I had intended to stop at Tor a few days, merely to recover sufficient strength for my journey to

Cairo; but when I learned that the plague was still at Suez, as well as at Cairo, I changed my plan, and determined to wait here some weeks, till the season for the disease should be passed. I soon found, however, that a residence at Tor was not very agreeable. This little village is built in a sandy plain, close to the beach, without any shelter from the sun; a few date-plantations are at some distance behind it. The houses are miserable, and swarms of flies and mosquitoes choke up the avenues of every dwelling. I remained at Tor for the night; and having heard from the Bedouins that at one hour's distance was another small village, in an elevated situation, with abundance of gardens and excellent water, I resolved to take up my quarters there.

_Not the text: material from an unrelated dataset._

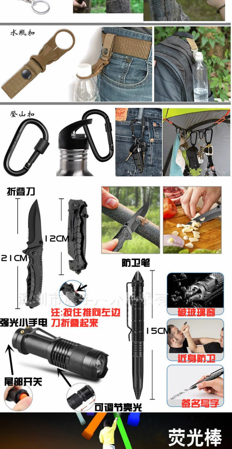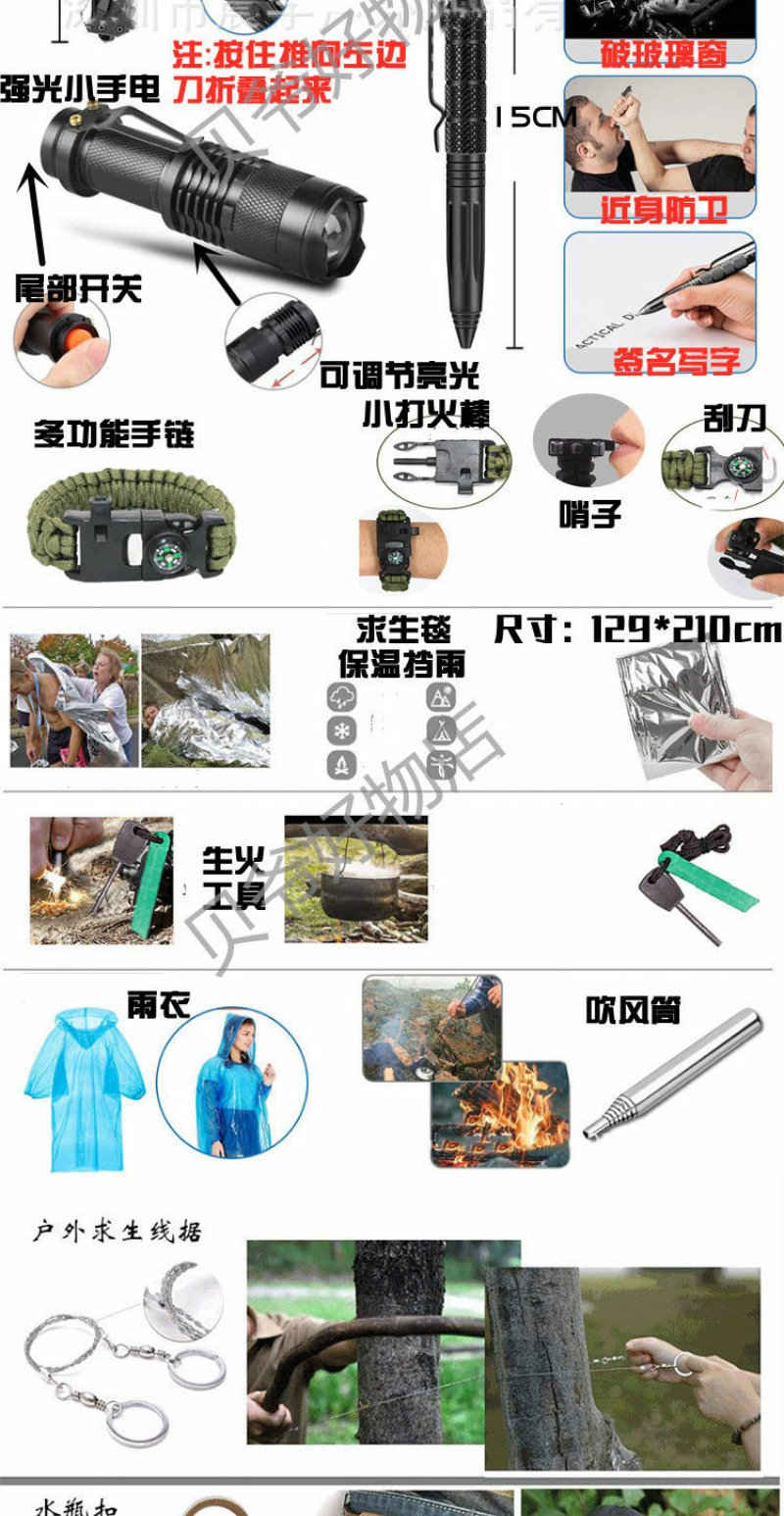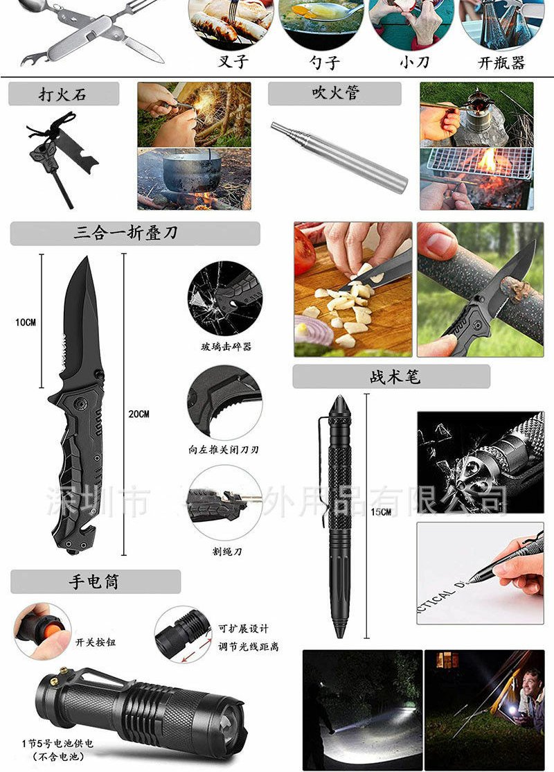 D户外野营求生工具套装多功能生存旅行露营登山应急用品 SOS急救

[p.436] It is surrounded by a half-ruined wall: the remains of a small castle are seen, said to have been constructed by Sultan Selym I., who fortified all the outposts of his empire. The French intended to rebuild it, but they left Egypt before the work was begun. Two small villages, about a mile distance, on both sides of Tor, are inhabited by Arabs, while in Tor itself none reside but Greeks, consisting of about twenty families, with a priest, who is under the Archbishop of Mount Sinai. They earn their livelihood by selling provisions to the ships that anchor here to take in water, which abounds in wells, and is of a good quality. Provisions are here twice as dear as at Cairo; and the people of Tor have their own small boats, in which they sail to Suez for those provisions. Were it not for the passage of Turkish soldiers, they would be rich, as they live very parsimoniously; but the rapacity of a few of these men often deprives them, in a single day, of the profits they have earned during a whole year. No garrison is kept here by the Pasha.

June 9th. In the morning I rode over the ascending plain to the above- mentioned village, which is called El Wady, after having laid in a sufficient stock of provisions at Tor. I easily found a lodging, and was glad to see that my expectations of the site of this village were not disappointed: it consists of about thirty houses, built in gardens, and among date-trees, almost every house having its own little garden. I hired a small half-open building, which I had covered with dateleaves, and enjoyed the immediate vicinity of a shady pleasure-ground, where grew palm, nebek, pomegranate, and apricot trees. A large well, in the midst of them, afforded a supply of excellent water, and I had nothing more to wish for at present.